Desde Mi Cielo | страница 7



– No, señor Harvey -logré decir, y repetí la palabra «No» muchas veces. También dije muchas veces «Por favor». Franny me dijo que casi todo el mundo suplicaba «Por favor» antes de morir.

– Te deseo, Susie -dijo él.

– Por favor -repetí-. No, por favor. -Era como empecinarte en que una llave funcionaba cuando no lo hacía, o como gritar «La tengo, la tengo, la tengo» cuando una pelota de béisbol te pasaba por encima en las gradas-. No, por favor.

Pero se cansó de oírme suplicar. Introdujo una mano en el bolsillo de mi parka y, estrujando el gorro que me había hecho mi madre, me lo metió en la boca. Después de eso, el único ruido que hice fue el débil tintineo de los cascabeles.

Mientras me recorría con sus labios mojados la cara y el cuello, y deslizaba las manos por debajo de mi camisa, me puse a llorar. Empecé a abandonar mi cuerpo. Empecé a habitar el aire y el silencio. Lloré y forcejeé para no sentir. Él me rasgó los pantalones al no dar con la cremallera invisible que mi madre me había cosido hábilmente en el costado.

– Grandes bragas blancas -dijo.

Me sentí enorme e hinchada. Me sentí como un mar en el que él estaba de pie y meaba y cagaba. Sentí cómo los bordes de mi cuerpo se doblaban hacia dentro y hacia fuera, como en el juego de la cuna al que jugaba con Lindsey para ponerla contenta. Empezó a masturbarse sobre mí.


– ¡Susie! ¡Susie! -oí gritar a mi madre-. La comida está lista.

Él estaba dentro de mí. Jadeaba.

– Hay cordero con judías verdes.

Yo era el mortero, él la mano de mortero.

– Tu hermano ha pintado otro dibujo con los dedos y yo he hecho pastel de manzana.

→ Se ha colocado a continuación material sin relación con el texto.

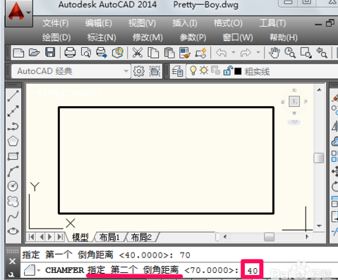 3、输入第一个倒角距离,这里输入70,按回车键确定。输入第二个倒角距离,这里输入40,按回车键确定。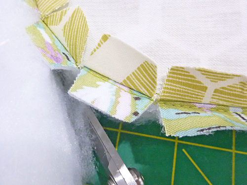 - Trim back the batting as close to the seam as possible around the entire perimeter.

El señor Harvey me obligó a quedarme quieta debajo de él y escuchar los latidos de su corazón y del mío. El mío daba brincos como un conejo mientras que el suyo hacía un ruido sordo, como de martillo contra tela. Nos quedamos allí tumbados, con nuestros cuerpos tocándose, y mientras me estremecía, tuve una poderosa revelación. Él me había hecho eso y yo había vivido. Eso era todo. Seguía respirando. Oía su corazón. Olía su aliento. La tierra oscura que nos rodeaba olía como lo que era, tierra húmeda donde los gusanos y otros animales vivían sus vidas cotidianas. Podría haber gritado horas y horas.

Yo sabía que iba a matarme. Pero no me daba cuenta de que era un animal ya agonizante.

– ¿Por qué no te levantas? -me preguntó el señor Harvey, rodando hacia un lado y agachándose sobre mí.

Habló con voz suave, alentadora, la voz de un amante a media mañana. Una sugerencia, no una orden.